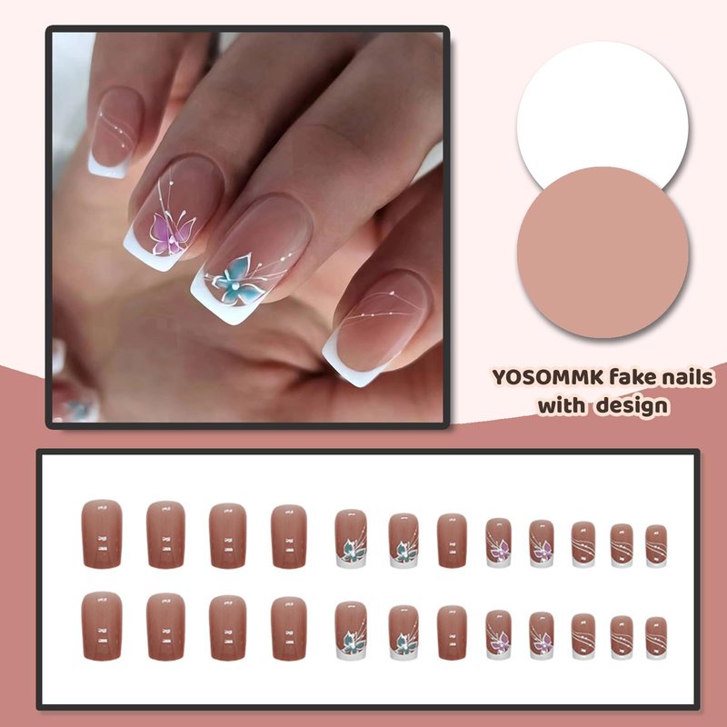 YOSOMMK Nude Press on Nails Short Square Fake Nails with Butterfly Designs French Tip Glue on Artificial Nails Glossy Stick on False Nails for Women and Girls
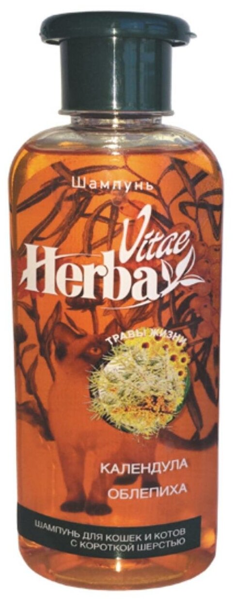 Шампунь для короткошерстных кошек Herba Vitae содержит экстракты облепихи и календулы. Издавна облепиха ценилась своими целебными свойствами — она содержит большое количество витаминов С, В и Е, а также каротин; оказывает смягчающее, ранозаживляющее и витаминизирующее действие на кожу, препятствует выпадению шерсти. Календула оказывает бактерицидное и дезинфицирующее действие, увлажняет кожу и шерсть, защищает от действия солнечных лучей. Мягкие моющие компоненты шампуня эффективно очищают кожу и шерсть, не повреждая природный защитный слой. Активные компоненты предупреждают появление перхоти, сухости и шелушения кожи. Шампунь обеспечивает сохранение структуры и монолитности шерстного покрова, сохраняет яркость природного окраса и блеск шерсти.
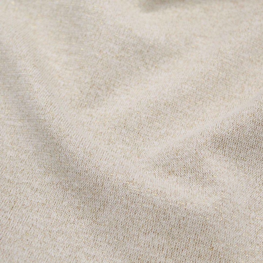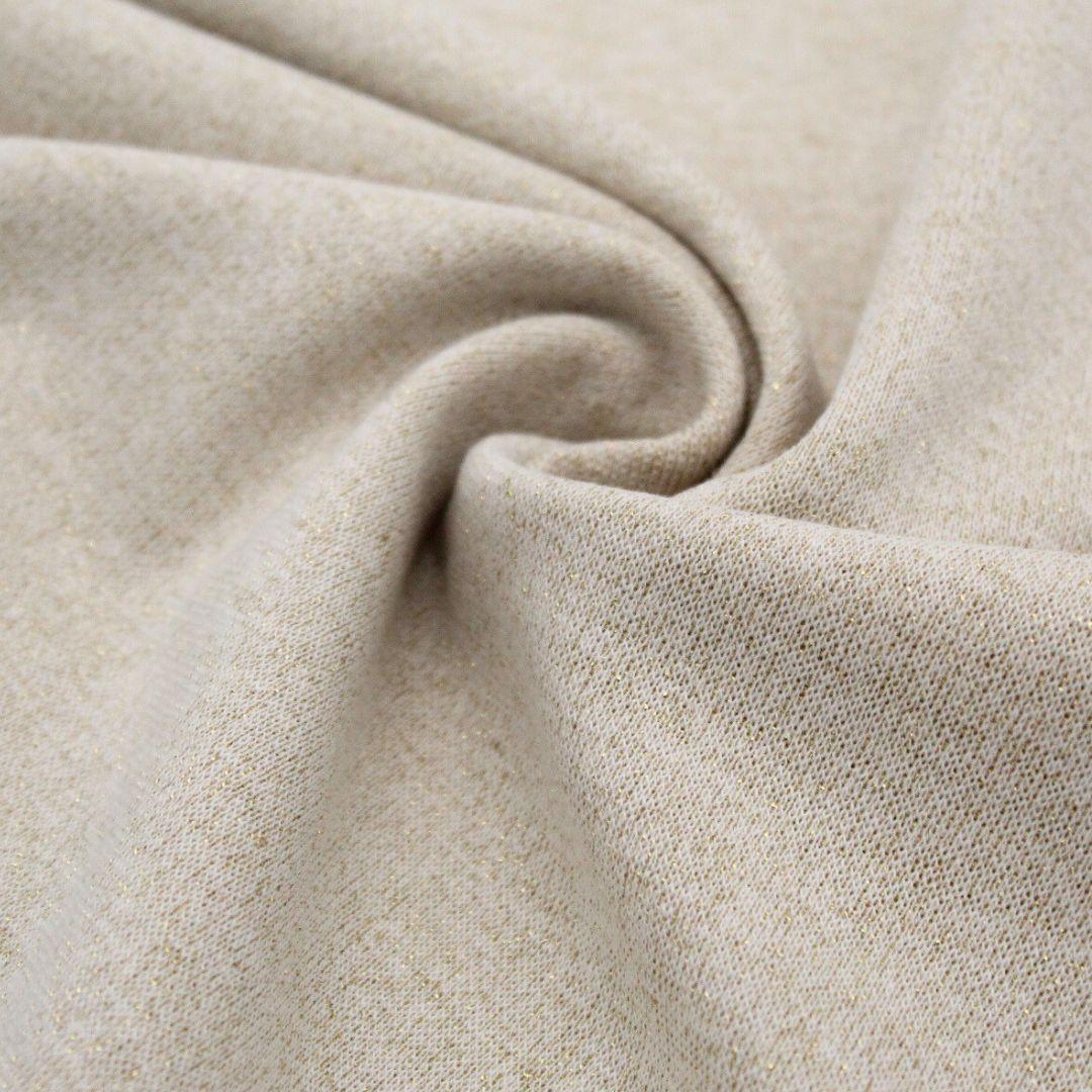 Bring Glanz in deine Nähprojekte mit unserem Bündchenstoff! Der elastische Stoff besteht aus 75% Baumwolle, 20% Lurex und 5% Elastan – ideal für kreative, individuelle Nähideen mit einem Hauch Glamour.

○ ○ ○ ○ ○

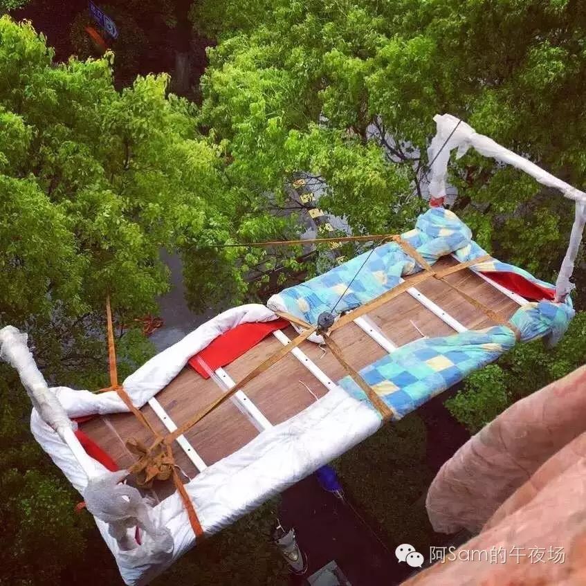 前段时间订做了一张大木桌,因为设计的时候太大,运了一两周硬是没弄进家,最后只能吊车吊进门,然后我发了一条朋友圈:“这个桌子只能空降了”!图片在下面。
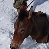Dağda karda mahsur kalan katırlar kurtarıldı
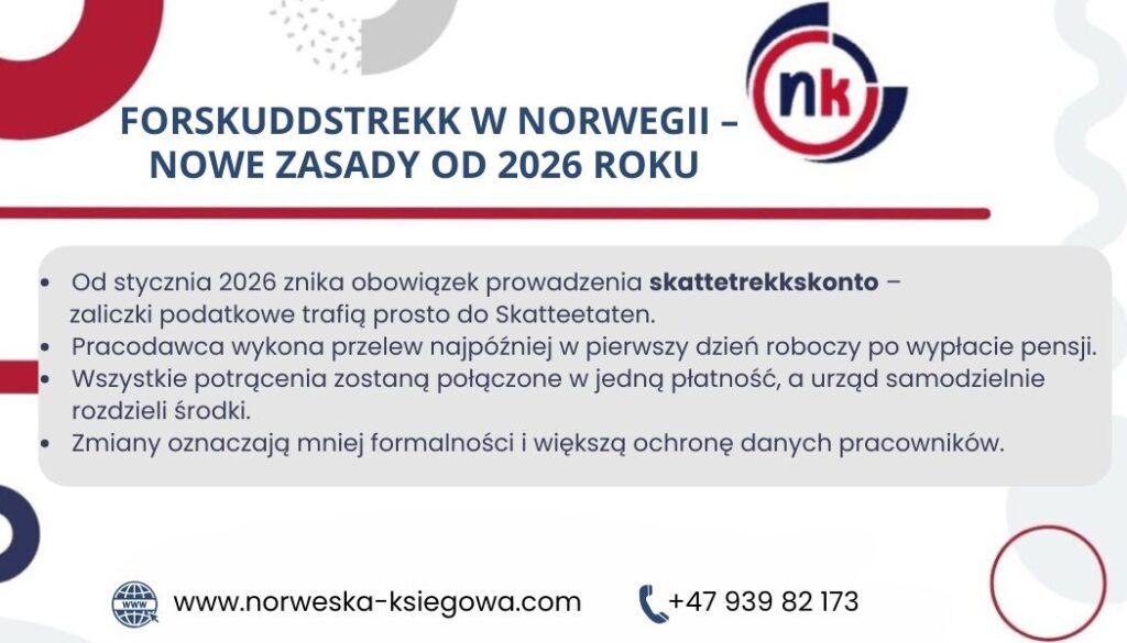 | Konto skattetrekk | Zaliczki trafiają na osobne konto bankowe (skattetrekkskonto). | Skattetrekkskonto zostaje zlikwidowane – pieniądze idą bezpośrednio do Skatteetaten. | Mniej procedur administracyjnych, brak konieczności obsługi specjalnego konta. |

○ ○ ○ ○ ○

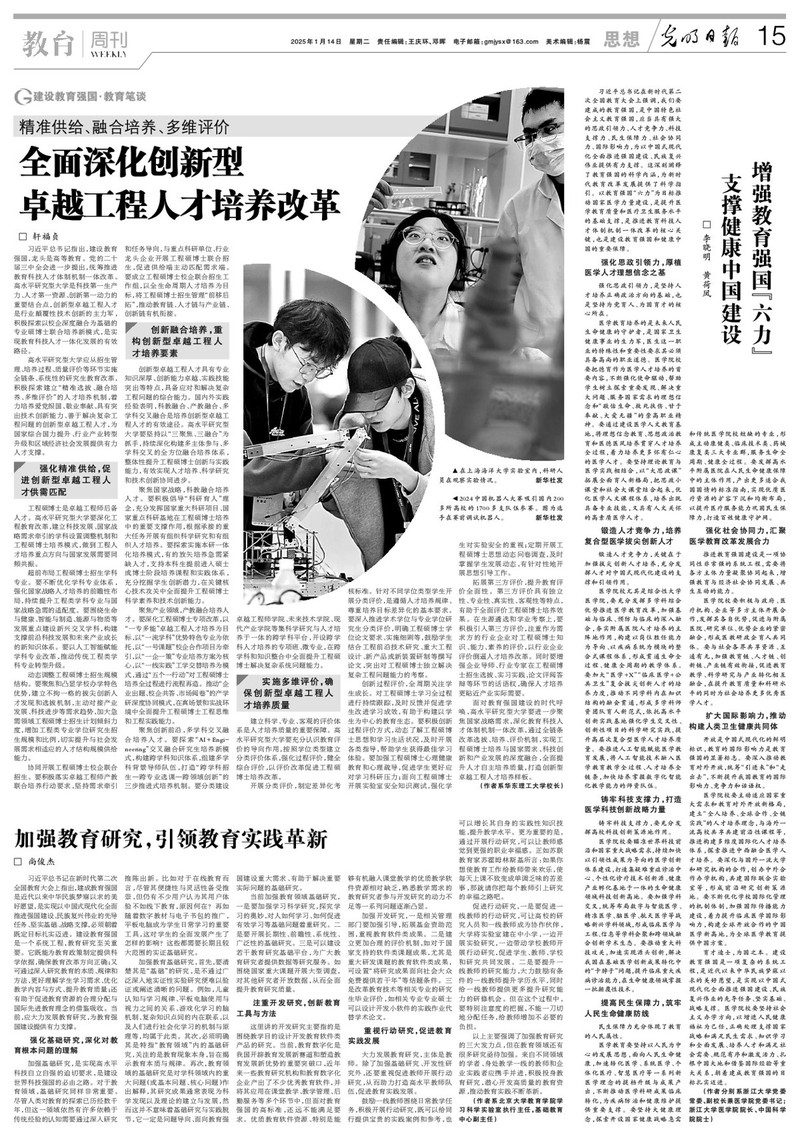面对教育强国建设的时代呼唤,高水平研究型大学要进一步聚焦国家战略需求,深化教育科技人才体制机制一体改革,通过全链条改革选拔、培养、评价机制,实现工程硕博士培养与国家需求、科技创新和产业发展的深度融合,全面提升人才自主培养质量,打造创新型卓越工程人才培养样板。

○ ○ ○ ○ ○

— What you will do —
Although pictures appear among the records above, write out exactly only the lines from the one that has "前段时间订做了一张大木桌,因" through the one that has "specjalnego konta. |", and leave the pictures out.

— Task response —
 前段时间订做了一张大木桌,因为设计的时候太大,运了一两周硬是没弄进家,最后只能吊车吊进门,然后我发了一条朋友圈:“这个桌子只能空降了”!图片在下面。
Dağda karda mahsur kalan katırlar kurtarıldı
 | Konto skattetrekk | Zaliczki trafiają na osobne konto bankowe (skattetrekkskonto). | Skattetrekkskonto zostaje zlikwidowane – pieniądze idą bezpośrednio do Skatteetaten. | Mniej procedur administracyjnych, brak konieczności obsługi specjalnego konta. |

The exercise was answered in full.